Chapter 15. Navigating Between Screens

Routing is an essential part of any React web application. Without a router, the pages that correspond to URLs would be impossible to manage, making your application impossible to scale. React Native applications don't have URLs that map to pages, but you can implement navigation that's conceptually similar to routing URLs to pages.

We'll get started by thinking about how to divide a mobile application into screens and introduce the common terminology that's used with React Native navigation. Then we'll walk through several examples that demonstrate the navigational abilities of React Native.

Screen organization

Thinking in terms of screens is easy in web applications because you have a URL that points to each screen. Put differently, URLs make thinking about screen organization natural and easy. Take the URLs away and suddenly screen organization becomes more difficult.

Imagine trying to build screen transitions in a mobile application without the page abstraction that we take for granted in web interfaces. You would have to build your own abstraction that ensures that each component for each screen is rendered, and subsequently removed once the user moves away from the page. Not ideal.

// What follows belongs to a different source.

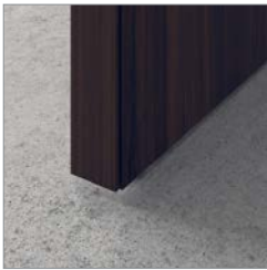
To-the-floor veneer panel tiles

But, you really want to work with some kind of page because that's what you're used to working with when building React applications for the web, right? In the following section, we'll cover the terminology used in React Native that helps make this happen. The real challenge is simply coming up with the correct screens. It's challenging because there aren't URLs in the traditional sense. However, just pretend that there are URLs; this will help you decompose your app content into the correct screens.